Wet beriberi results from high output cardiac failure induced by peripheral vasodilation and the formation of arteriovenous fistulae secondary to thiamine deficiency. These patients complain of fatigue, decreased exercise tolerance, shortness of breath, and peripheral edema. Myocardial edema may be demonstrated.31 The classic triad of oculomotor abnormalities, ataxia, and global confusion defines dry beriberi or Wernicke encephalopathy. Other manifestations include hypothermia and the absence of deep-tendon reflexes.128 Vomiting and anorexia are common32,124 and may be related to increases in intracranial pressure. Additionally, patients develop a peripheral neuropathy with paresthesias, hypesthesias, and an associated myopathy, all related to axonal degeneration.102 Laboratory studies may reflect a metabolic acidosis with elevated lactate concentration brought on by excessive anaerobic glycolysis resulting from blocked entry of substrate into the Krebs cycle.22,24,55,56,63,81,90,128 Interestingly, a primary respiratory alkalosis of unclear etiology seems to be simultaneously present.29 Korsakoff psychosis, an irreversible disorder of learning and processing of new information characterized by a deficit in short-term memory and confabulation, often occurs together with Wernicke encephalopathy.125 A 10% to 20% mortality rate is associated with Wernicke encephalopathy, with survivors having an 80% risk of developing Korsakoff psychosis.86
A clinical tool for identifying patients with Wernicke encephalopathy used four signs: dietary deficiencies, oculomotor abnormalities, cerebellar dysfunction, and either an altered mental status or mild memory impairment. When two or more signs were present the tool was highly sensitive and specific.16
Epidemiology: Populations at Risk
In the United States, a healthy diet and mandatory thiamine supplementation of numerous food products protect most people from the manifestations of thiamine deficiency. Despite this, the prevalence of Wernicke encephalopathy in the general US population is estimated to be between 0.2% and 2.2%, although only 20% of these cases are estimated to be diagnosed during their lifetime.68,108 This is, unfortunately, not true in other countries.
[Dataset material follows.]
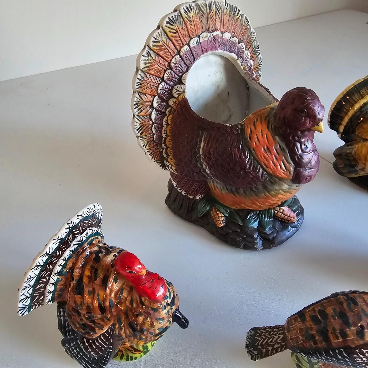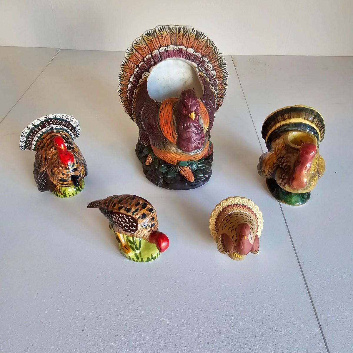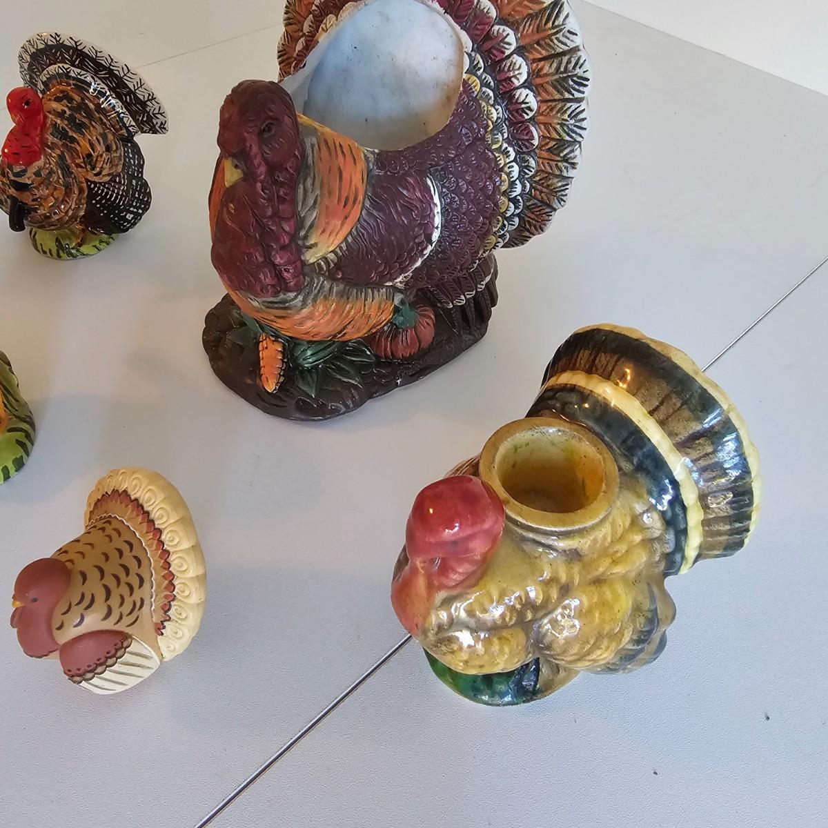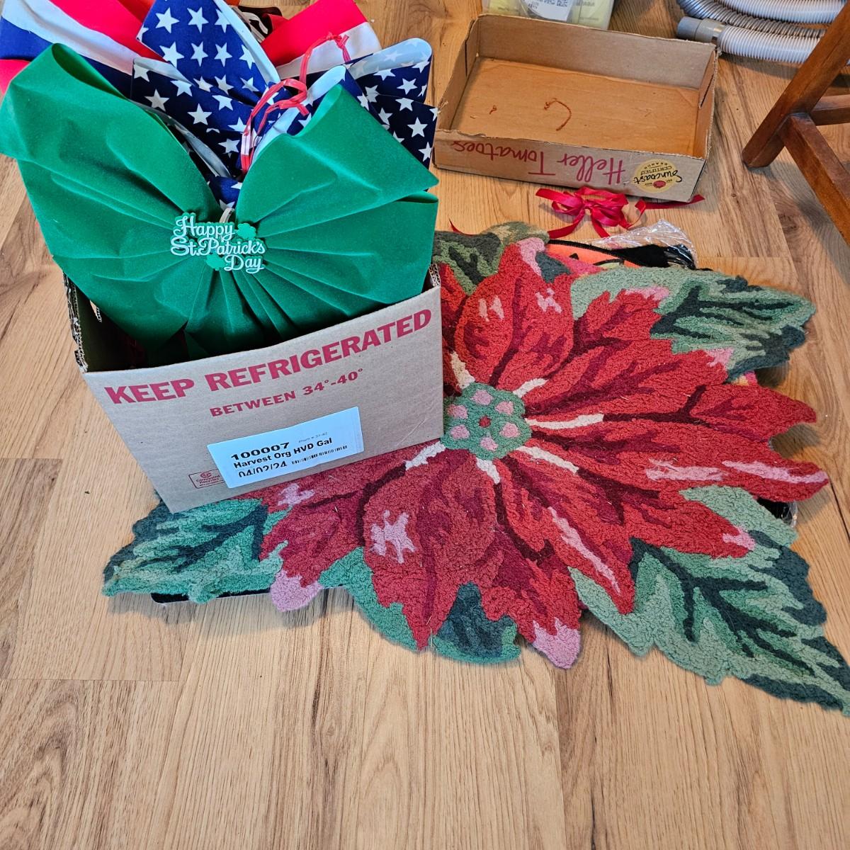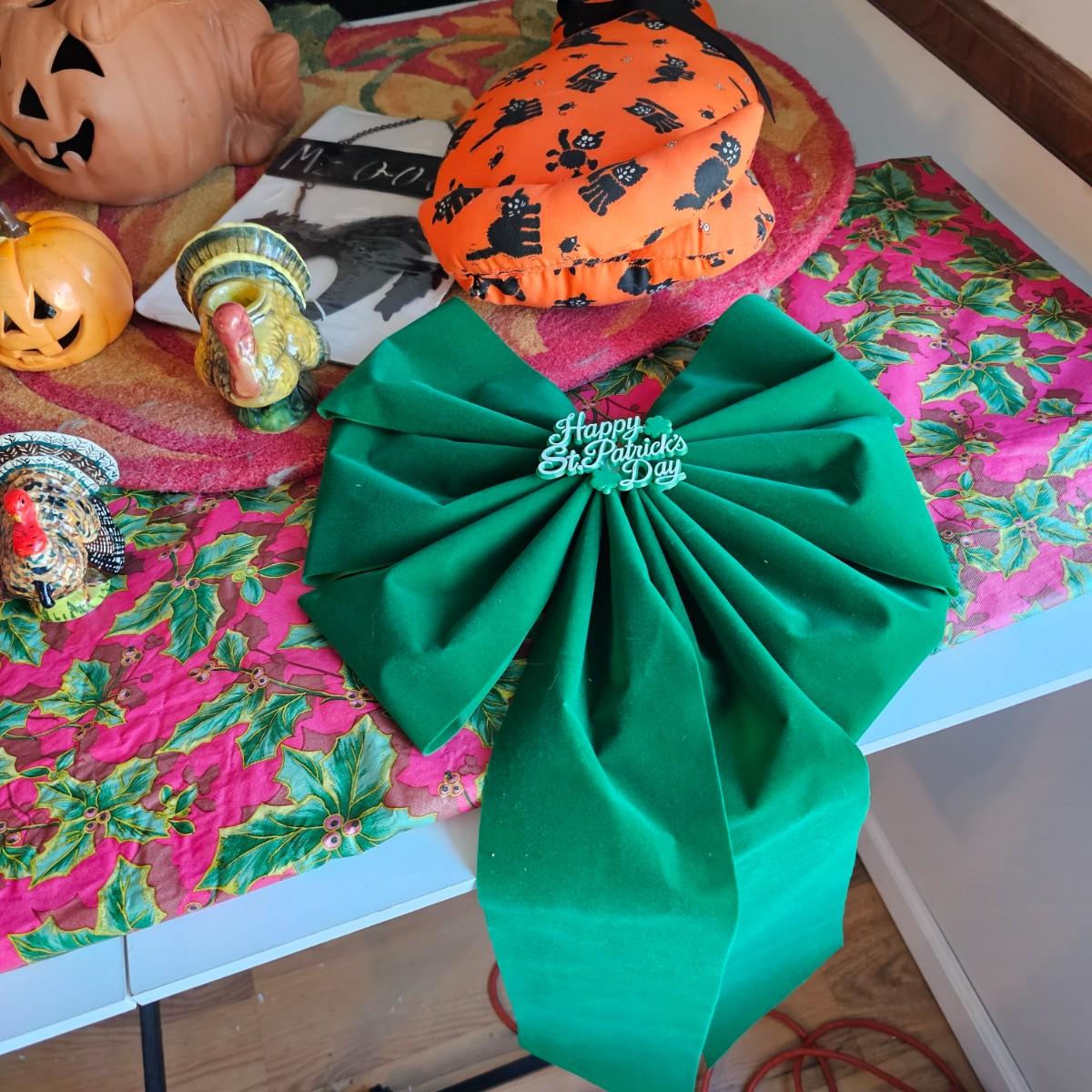 Some things for the other holidays besides Christmas. Halloween mats, 18" x 26". Terra cotta cot/pumpkin, 9" x 9" x 11"H. Other entry mats for Halloween and fall. Bows for St.Paddy's Day and Fourth of July. Five pieces of ceramic turkeys, planter and candle holders. Fall tablecloth, 52" x 88". See photos for details. Local pickup only.

A survey of the 17 major public hospitals in the Sydney, Australia, area identified more than 1000 cases of either acute Wernicke encephalopathy or Korsakoff psychosis between 1978 and 1993.70 Similarly, a single Australian hospital identified 32 cases of Wernicke encephalopathy during a 33-month period.132 In Australia, mandatory supplementation of flour with thiamine in 1991 resulted in a dramatic reduction in hospitalized cases during 1992 and 1993,70 as well as of the percentage of cases diagnosed by postmortem studies.44 Other countries at risk include Ireland and New Zealand, where lack of a mandatory thiamine supplementation program is correlated with a high prevalence of biochemical evidence of thiamine deficiency.78
Alcoholic patients, whose consumption of ethanol is their major source of calories, are the best described and most easily recognized patients at risk for thiamine deficiency.86 In Scotland, 21% of alcoholics requiring emergency admission to the hospital were thiamine deficient, as determined by erythrocyte transketolase.50 The prevalence in US alcoholics is estimated to be 12.5%.108
Consequential thiamine deficiency is also described in incarcerated prisoners,51 patients in drug rehabilitation,35 patients receiving hemodialysis,28 patients with hyperemesis gravidarum or anorexia nervosa,115 patients receiving parenteral nutrition,4,20,21,24,61,63,80,81,111,124,126 patients with acquired immunodeficiency syndrome (AIDS),5,13,14,95 patients with malignancies,9,59,91,123 the institutionalized elderly,60,77, 78, and 79 critically ill children,53,66 patients with sepsis,29 patients with congestive heart failure on furosemide therapy,60 patients with malabsorption secondary to Clostridium difficile diarrhea,26 patients with eating disorders,127 and most recently, patients who had undergone bariatric surgery.1,3,34,37,96 Thus, despite routine dietary supplementation, many people are still at risk because of dietary limitations, alcohol abuse, or underlying medical or surgical conditions.